The Chairman of Fennovoima's Board is Juhani Pitkäkoski, Senior Vice President of M&A of Caverion Corporation while the Vice Chairman is Anastasia Zoteeva, Deputy Director General for Business Development of Rusatom Energy International. Other board members are Esa Lager, former CFO of Outokumpu Plc; Juha Mäkitalo, Attorney-at-Law; Stefan Storholm, CEO of Katternö Group; Seppo Siljama, and CEO of Rusatom Energy International Nikita Konstantinov. 
Deputy Members of the Board are Ilkka Salonen, CEO of Garmoshka Ltd, Djurica Tankosic, President of Global Nuclear of Worley Parsons; Jussi Lehto, CEO of Keravan  and Pekka Erkkilä, Executive Vice President and Chief Technology Officer of Outokumpu.

Shareholders 
Finnish industry, trade and the energy companies in need of their own electricity production started the company in 2007. Originally Fennovoima was created as a partnership between Voimaosakeyhtiö SF, a cooperative producing electricity for its owners' needs at production cost in proportion to their ownership share (Mankala), with 66% and the German power company E.ON with 34%. After E.ON's withdrawal from Finland, Voimaosakeyhtiö SF briefly owned 100% of Fennovoima shares.  According to the agreement with Russian Rosatom, RAOS Voima Oy, a Finnish subsidiary of Rosatom, acquired a 34% stake which previously belonged to E.ON.  Although RAOS Voima was prepared to take 49% in the project, Voimaosakeyhtiö SF commits to own more than half of the power plant and aims to increase the share of Finnish companies up to 66%.  As of 2014, Voimaosakeyhtiö SF has 44 shareholders.

In 2016 Fennovoima is owned by Finnish Voimaosakeyhtiö SF (66%) and Rosatom's subsidiary RAOS Voima Oy (34%).
Voimaosakeyhtiö SF includes industrial and trading companies (mostly state-owned or state-controlled through Fortum and Solidium) as well as local energy utilities (which are mainly owned by municipalities).

Power plant project

On 21 April 2010, the Government of Finland decided to grant a permit (Decision-in-Principle) to Fennovoima for construction of a nuclear reactor.  The decision was approved by the Parliament on 1 July 2010. The estimated construction time is six years until 2024.

The chosen plant model is Rosatom's pressurized water reactor AES-2006 which is the latest evolution of VVER plant designs. The other bidders for the project were Areva and Toshiba.

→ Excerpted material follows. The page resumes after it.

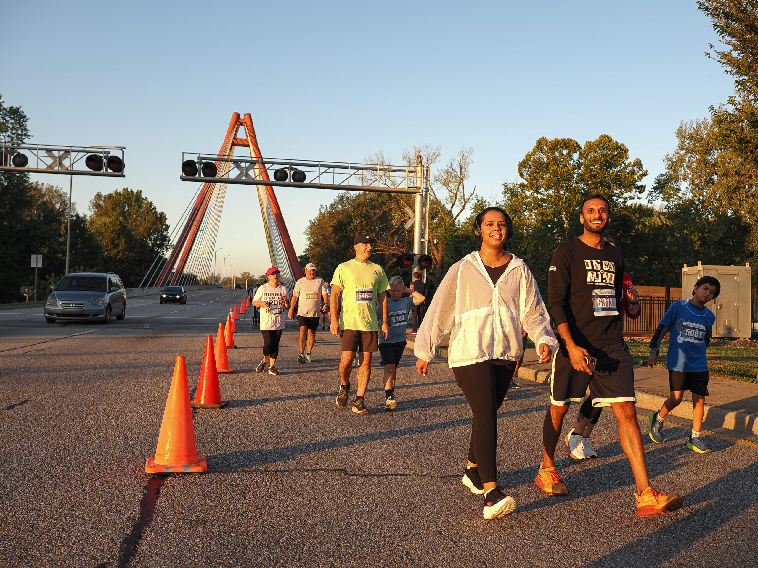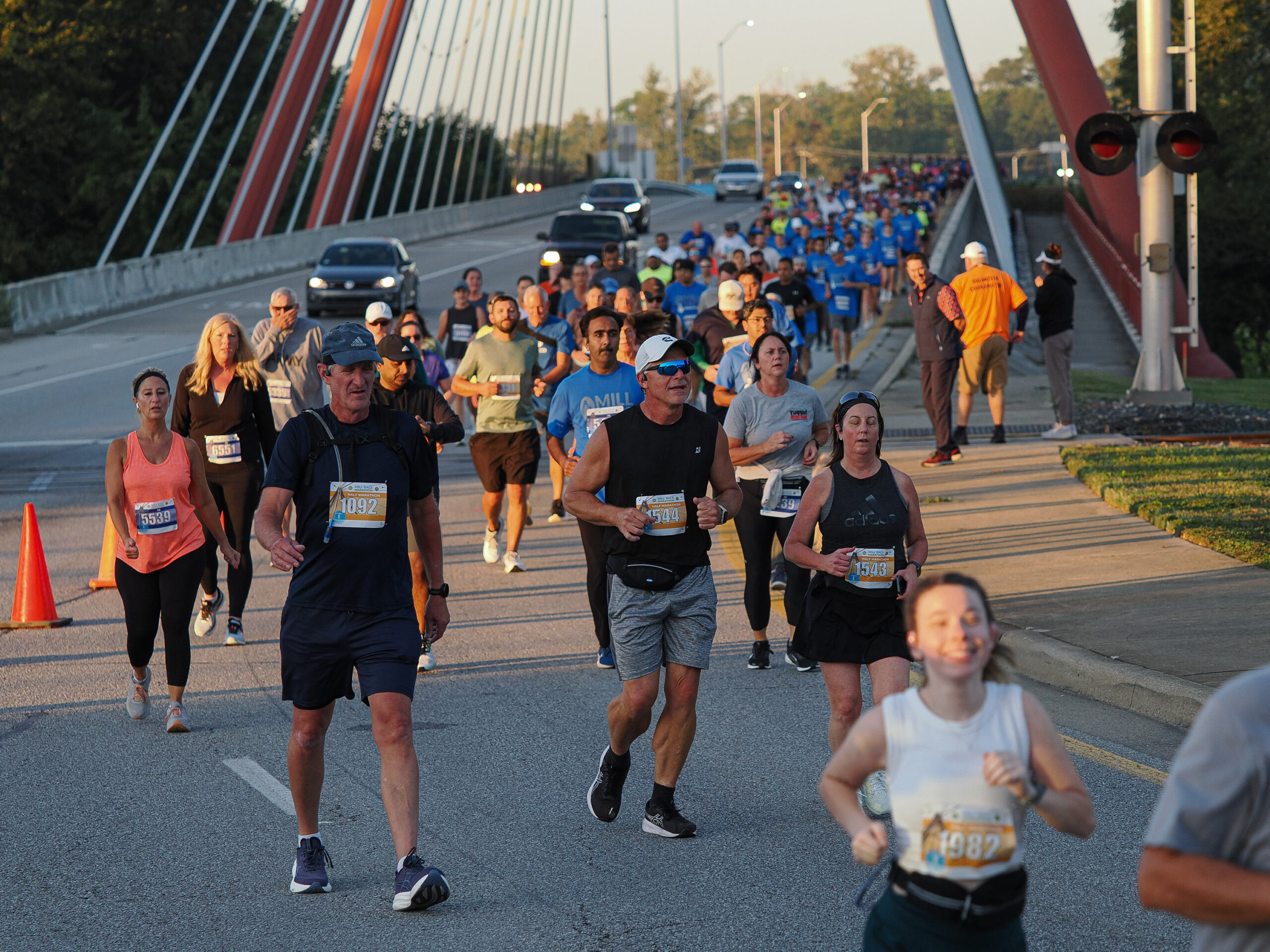 Runners cross the Robert N. Stewart Bridge during the Mill Race Marathon in downtown Columbus, Ind., Sept. 27, 2025.

Fennovoima began direct negotiations with Rosatom in April 2013. On 21 December 2013, Fennovoima and Rosatom Overseas, a subsidiary of Rosatom, signed a plant supply contract. The plant should be commissioned by 2024.

On 28 February 2014 Voimaosakeyhtiö SF made the final decision to participate in Fennovoima's nuclear power plant construction.  The final investment decision was to be made in 2014.

Fennovoima submitted an application at the end of June 2015 including the stakeholder with a 35 percent share of the Russian firm Rosatom and a percent share of Croatian power company Migrit Energija. In August 2015 the public was informed that  Migrit Solarna Energija would not be involved in the venture after it was reviewed to be owned by Sberbank Russia.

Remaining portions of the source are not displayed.